A student would like to know which of two possible routes is faster for the daily trips to school. Route 1 is shorter but has many traffic lights. Route 2 is a little longer but doesn’t have traffic lights. Each morning, a coin flip will be used to determine the route taken to school. The time it takes for the commute will be measured with a stopwatch. After approximately 15 trials on each route, the average time for each will be compared.
| Research Design Table | |
|---|---|
| Research Question: | |
| Type of Research | Observational Study Observational Experiment Manipulative Experiment |
| What is the response variable? | |
| What is the parameter that will be calculated? | Mean Proportion |
| List potential confounding variables. | |
| Grouping/explanatory Variable (if present) | Levels: |
- Many parents believe that their small children get a bit hyperactive when they eat or drink sweets (candies, sugary sodas, etc.), and so do not let their kids have such things before nap time, for example. A pediatrician at Euphoria State University Teaching Hospital [ESUTH] thinks instead that it is the parents’ expectations about the effects of sugar which cause their children to become hyperactive, and not the sugar at all.

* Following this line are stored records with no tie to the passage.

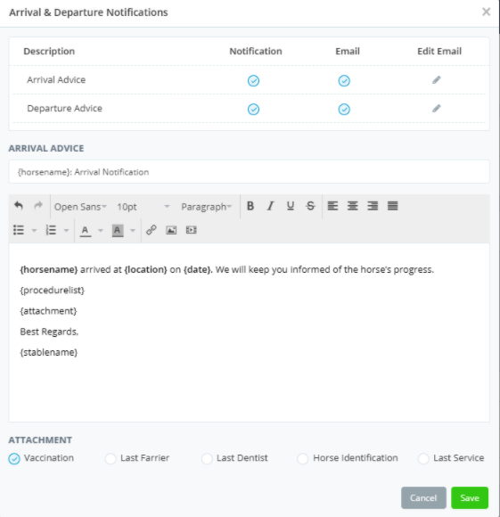 3. Click on the Edit action icon next to Arrival Advice, Departure Advice or Breeding Advice, to view and modify the default Email Body of the Notification.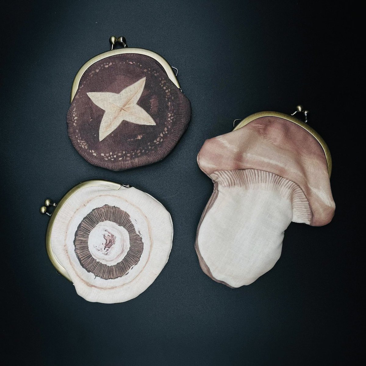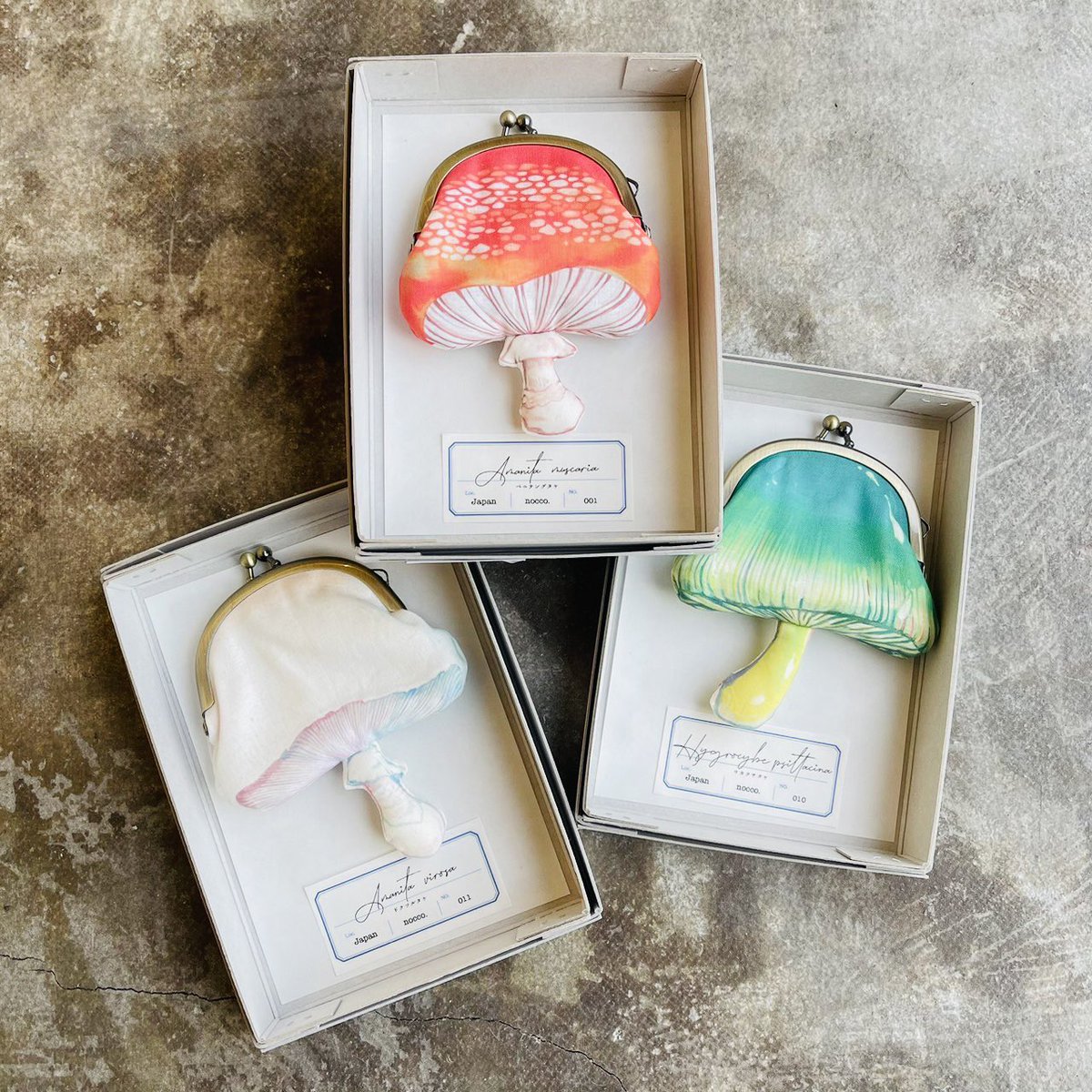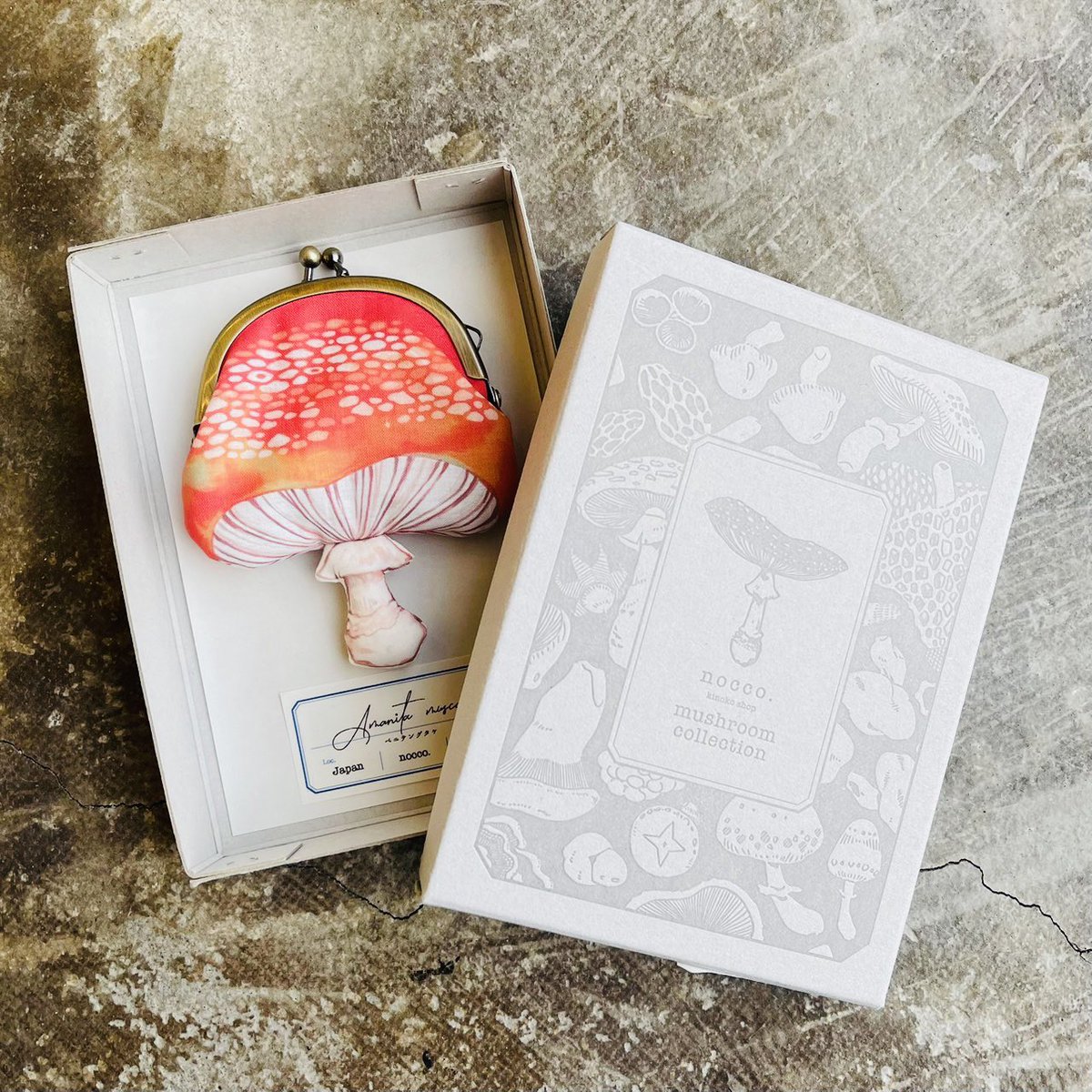 【きのこづくしフェア販売商品】ウサギノネドコ東京店では、nocco.( @_noco_noco_ )の作品を販売しています。ご紹介の作品はきのこのがま口。がま口シリーズは、図鑑で見るようなベニテングタケもあれば、美味しそうな食べられるシイタケも。標本やきのこ図鑑をイメージし紙箱に収められています。
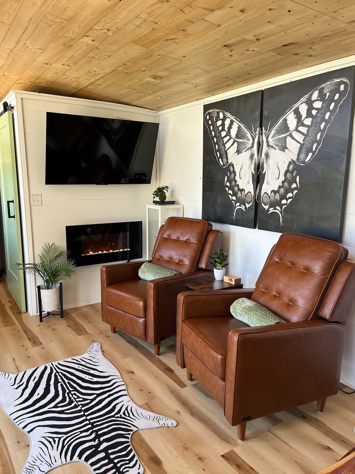 Nestled in the Uwharrie National Forest, “Star Buck Cabin” is a serene getaway that pairs outdoor adventure with cozy rustic comfort. Take in beautiful seasonal views of the farm while staying just 15 minutes from the North Carolina Zoo and Seagrove, famed for its pottery. After exploring, unwind in the hot tub, relax on the patio swing, or gather by the fire pit. Inside, enjoy your favorite TV show, relax by the fireplace, or even cook! Perfect for both adventure and relaxation.

- Describe a randomized, placebo-controlled, double-blind experiment which would collect data about this ESUTH pediatrician’s hypothesis. Make sure you are clear about both which part of your experimental procedure addresses each of those important components of good experimental design.
- Is the experiment you described in the previous exercise an ethical one? What must the ESUTH pediatrician do before, during, and after the experiment to make sure it is ethical? Make sure you discuss (at least) the checklist of ethical guidelines from this chapter and how each point applies to this particular experiment.